▶ [Problem requirements] Ignoring every picture, return the lines of the listing below word for word, from the line that holds "(マフィンの真ん中にいちごジ" through the line that holds "Son dégradé de".

▶ [Input records]

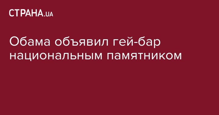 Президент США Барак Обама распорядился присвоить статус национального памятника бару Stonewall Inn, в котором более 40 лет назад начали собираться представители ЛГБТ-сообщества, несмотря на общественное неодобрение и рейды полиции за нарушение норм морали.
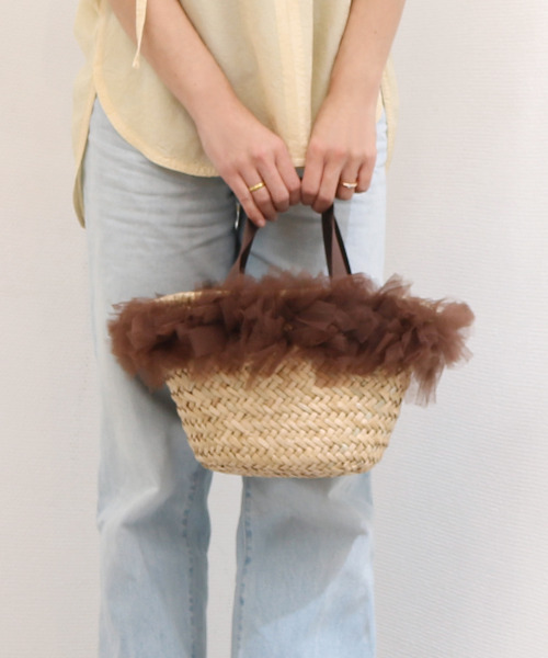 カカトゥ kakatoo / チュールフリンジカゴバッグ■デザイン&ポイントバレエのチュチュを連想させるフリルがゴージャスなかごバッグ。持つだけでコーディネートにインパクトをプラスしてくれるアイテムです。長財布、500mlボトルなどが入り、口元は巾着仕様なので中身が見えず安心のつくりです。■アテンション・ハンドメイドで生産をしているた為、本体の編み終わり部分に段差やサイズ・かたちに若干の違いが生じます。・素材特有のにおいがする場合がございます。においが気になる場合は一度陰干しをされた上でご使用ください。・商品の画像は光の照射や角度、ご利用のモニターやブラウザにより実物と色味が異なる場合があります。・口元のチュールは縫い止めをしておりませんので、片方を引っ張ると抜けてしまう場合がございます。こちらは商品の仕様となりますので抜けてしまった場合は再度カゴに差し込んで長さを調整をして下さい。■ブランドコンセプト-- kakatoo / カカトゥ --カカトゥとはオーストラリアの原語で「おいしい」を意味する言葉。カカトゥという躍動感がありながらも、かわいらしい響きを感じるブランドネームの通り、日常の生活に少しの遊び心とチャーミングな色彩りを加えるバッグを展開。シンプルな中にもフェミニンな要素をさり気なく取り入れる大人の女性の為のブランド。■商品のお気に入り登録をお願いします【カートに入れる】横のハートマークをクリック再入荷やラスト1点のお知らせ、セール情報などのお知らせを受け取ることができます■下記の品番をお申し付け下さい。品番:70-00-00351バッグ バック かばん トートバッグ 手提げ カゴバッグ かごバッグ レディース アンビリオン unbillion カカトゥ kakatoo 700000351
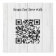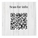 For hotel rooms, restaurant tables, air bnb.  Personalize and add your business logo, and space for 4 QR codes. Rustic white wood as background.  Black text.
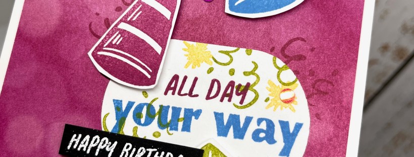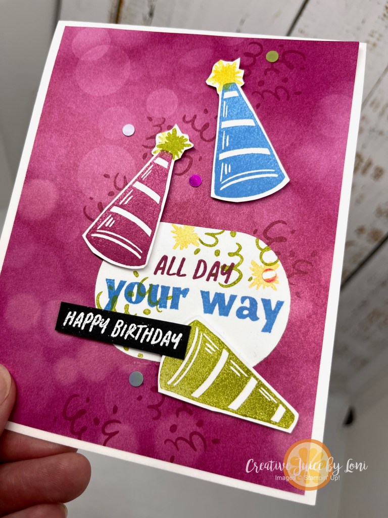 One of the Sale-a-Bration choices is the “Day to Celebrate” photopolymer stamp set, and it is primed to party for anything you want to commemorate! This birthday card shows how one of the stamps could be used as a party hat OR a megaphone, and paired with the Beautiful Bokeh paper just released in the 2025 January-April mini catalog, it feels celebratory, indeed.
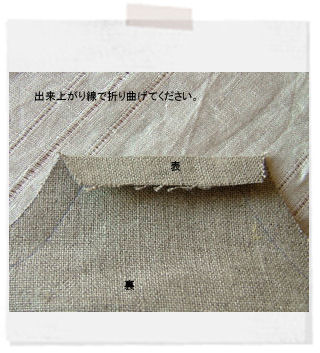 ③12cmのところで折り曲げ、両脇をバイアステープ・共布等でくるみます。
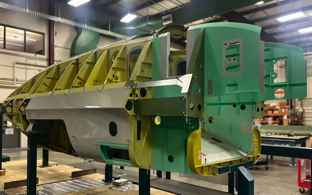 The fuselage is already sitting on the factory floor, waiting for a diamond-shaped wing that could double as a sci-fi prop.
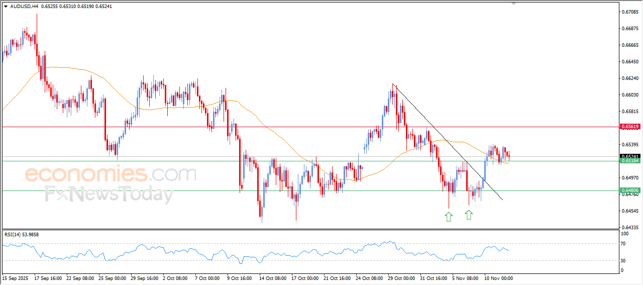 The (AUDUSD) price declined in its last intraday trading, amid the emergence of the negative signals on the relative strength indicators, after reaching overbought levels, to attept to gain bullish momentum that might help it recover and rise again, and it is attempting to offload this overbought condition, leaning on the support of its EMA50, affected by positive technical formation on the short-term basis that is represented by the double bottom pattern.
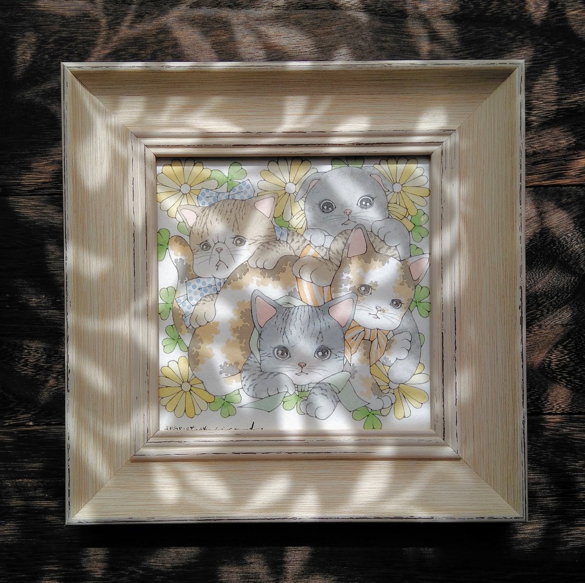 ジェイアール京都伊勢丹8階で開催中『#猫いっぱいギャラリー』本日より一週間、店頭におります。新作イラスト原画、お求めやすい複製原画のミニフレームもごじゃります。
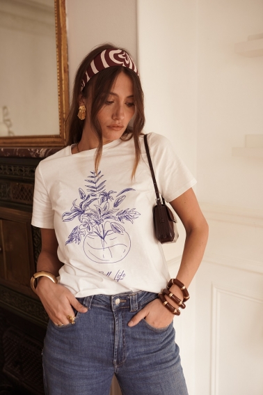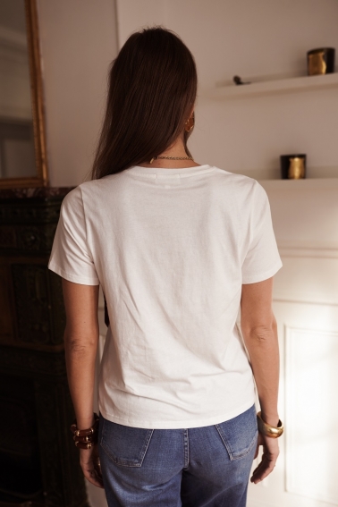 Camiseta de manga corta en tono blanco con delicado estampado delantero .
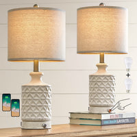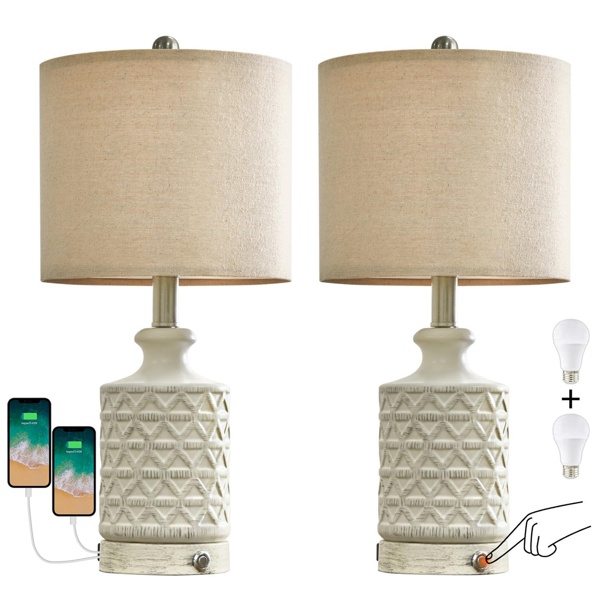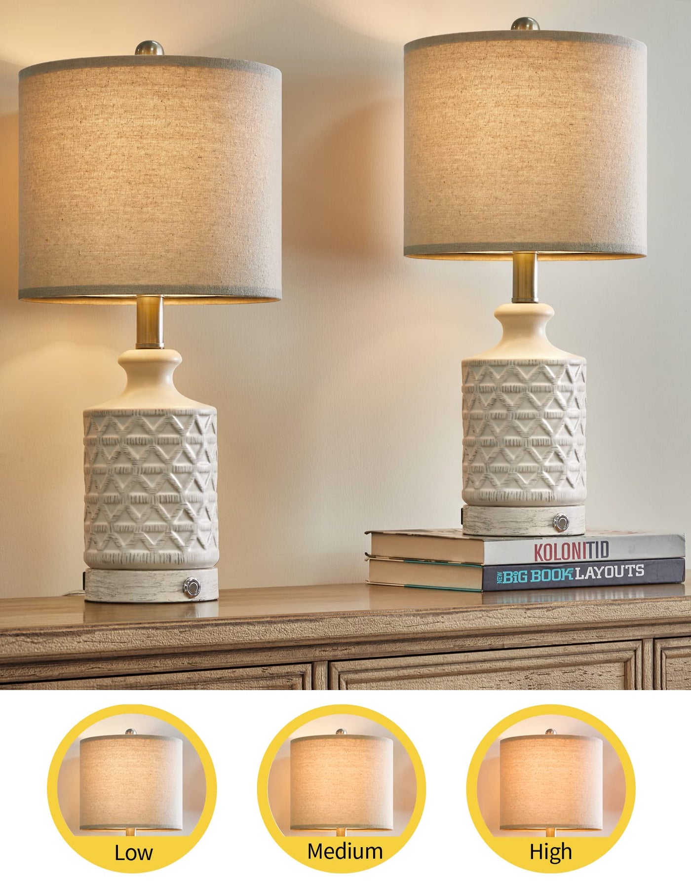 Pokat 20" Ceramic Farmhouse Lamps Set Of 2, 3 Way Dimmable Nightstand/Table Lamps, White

==

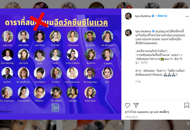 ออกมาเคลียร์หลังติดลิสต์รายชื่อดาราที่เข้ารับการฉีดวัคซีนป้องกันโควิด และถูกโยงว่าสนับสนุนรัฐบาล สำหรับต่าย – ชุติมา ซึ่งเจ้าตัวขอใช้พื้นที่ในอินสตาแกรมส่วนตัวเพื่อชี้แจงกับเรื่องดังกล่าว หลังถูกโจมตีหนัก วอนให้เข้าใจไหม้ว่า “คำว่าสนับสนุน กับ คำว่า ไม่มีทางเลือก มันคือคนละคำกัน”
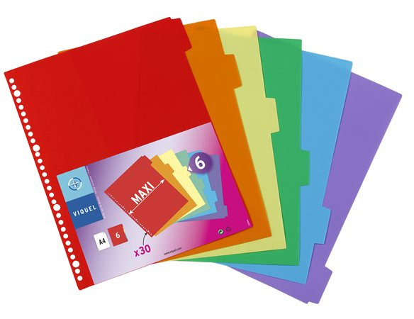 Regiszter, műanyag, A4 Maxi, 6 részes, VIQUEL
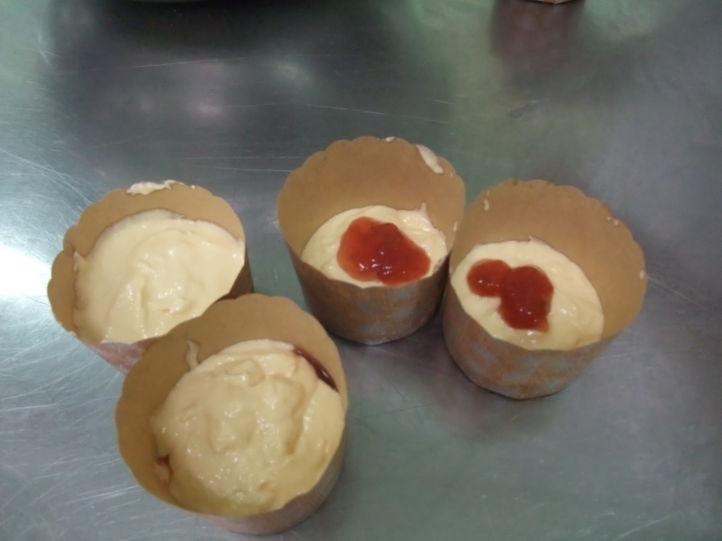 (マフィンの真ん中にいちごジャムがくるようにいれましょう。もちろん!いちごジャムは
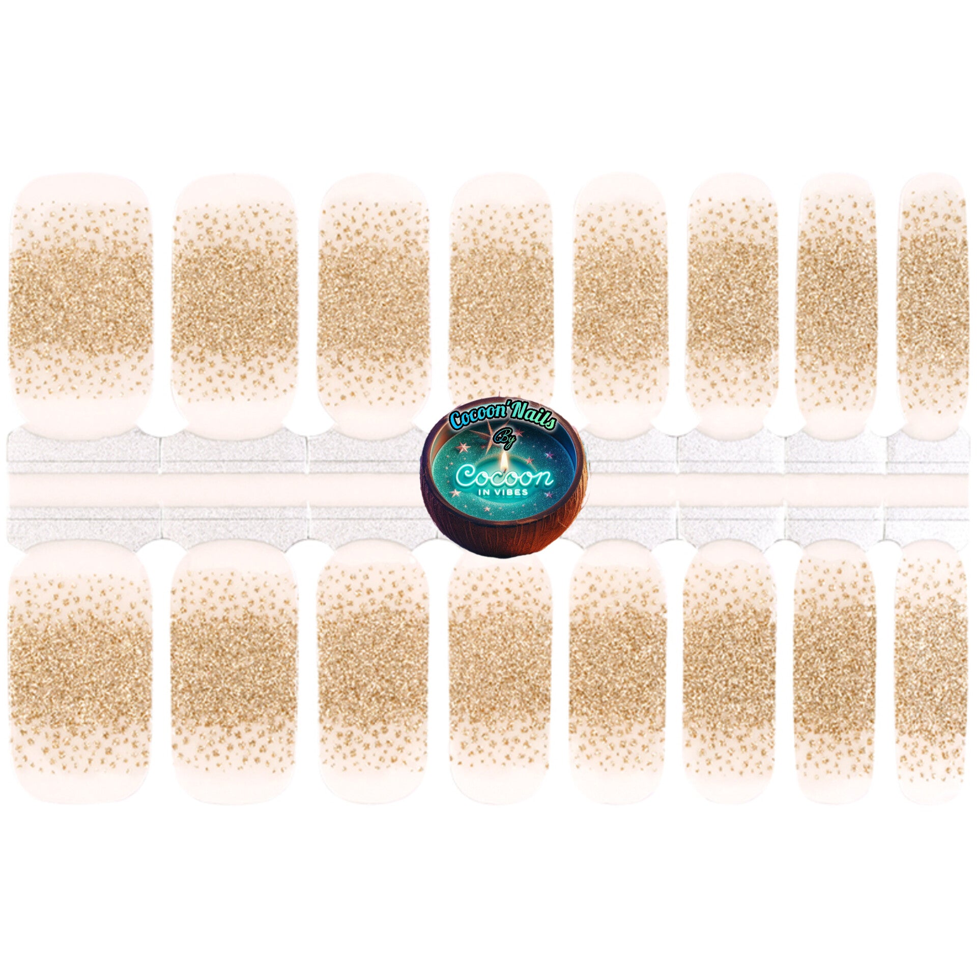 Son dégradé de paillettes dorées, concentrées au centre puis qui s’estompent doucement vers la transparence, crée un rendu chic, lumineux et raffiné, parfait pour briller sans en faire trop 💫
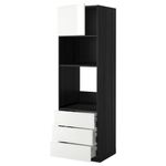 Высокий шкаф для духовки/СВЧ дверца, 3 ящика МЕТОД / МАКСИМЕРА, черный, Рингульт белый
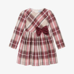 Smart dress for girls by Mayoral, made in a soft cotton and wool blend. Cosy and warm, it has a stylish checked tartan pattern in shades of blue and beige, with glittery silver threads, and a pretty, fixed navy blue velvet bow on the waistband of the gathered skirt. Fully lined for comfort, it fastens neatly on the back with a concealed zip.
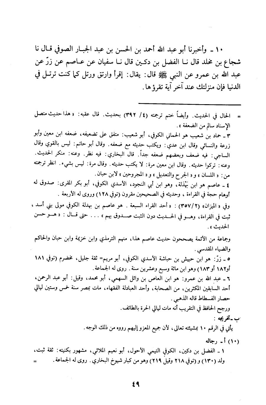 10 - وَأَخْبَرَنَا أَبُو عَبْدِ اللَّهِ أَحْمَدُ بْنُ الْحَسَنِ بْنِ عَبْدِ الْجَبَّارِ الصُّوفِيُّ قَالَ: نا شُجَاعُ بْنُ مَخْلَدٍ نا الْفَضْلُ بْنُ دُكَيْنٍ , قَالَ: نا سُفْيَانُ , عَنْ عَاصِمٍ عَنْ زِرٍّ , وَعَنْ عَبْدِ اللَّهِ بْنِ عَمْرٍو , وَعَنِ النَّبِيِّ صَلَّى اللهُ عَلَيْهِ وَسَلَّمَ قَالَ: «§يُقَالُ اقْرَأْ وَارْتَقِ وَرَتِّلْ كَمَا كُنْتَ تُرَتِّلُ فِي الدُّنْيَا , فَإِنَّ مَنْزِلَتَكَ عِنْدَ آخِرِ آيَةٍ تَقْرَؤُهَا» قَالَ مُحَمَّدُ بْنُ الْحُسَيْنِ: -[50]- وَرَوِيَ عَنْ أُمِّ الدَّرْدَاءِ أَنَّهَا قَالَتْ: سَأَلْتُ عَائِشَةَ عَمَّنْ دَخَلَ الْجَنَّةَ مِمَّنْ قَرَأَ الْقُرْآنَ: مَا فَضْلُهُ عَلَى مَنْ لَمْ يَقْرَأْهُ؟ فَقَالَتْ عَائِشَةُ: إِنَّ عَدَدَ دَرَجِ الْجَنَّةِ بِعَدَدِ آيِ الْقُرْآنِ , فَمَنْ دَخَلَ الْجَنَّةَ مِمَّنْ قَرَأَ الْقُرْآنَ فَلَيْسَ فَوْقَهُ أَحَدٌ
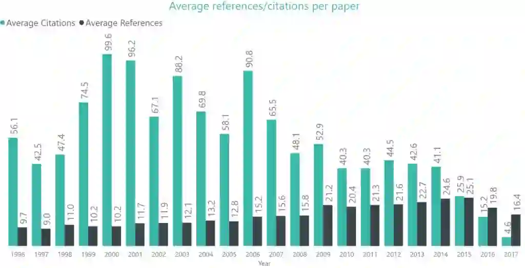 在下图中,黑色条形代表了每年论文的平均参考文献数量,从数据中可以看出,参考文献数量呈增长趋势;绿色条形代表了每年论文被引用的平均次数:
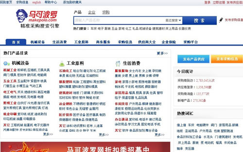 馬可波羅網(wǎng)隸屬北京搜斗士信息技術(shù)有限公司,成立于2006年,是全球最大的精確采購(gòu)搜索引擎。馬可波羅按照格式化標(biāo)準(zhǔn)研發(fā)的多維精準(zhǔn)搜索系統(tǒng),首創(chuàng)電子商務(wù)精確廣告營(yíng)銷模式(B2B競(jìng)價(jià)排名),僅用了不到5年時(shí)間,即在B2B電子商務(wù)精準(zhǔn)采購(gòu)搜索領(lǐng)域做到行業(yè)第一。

▶ [Written reply]
 (マフィンの真ん中にいちごジャムがくるようにいれましょう。もちろん!いちごジャムは
 Son dégradé de paillettes dorées, concentrées au centre puis qui s’estompent doucement vers la transparence, crée un rendu chic, lumineux et raffiné, parfait pour briller sans en faire trop 💫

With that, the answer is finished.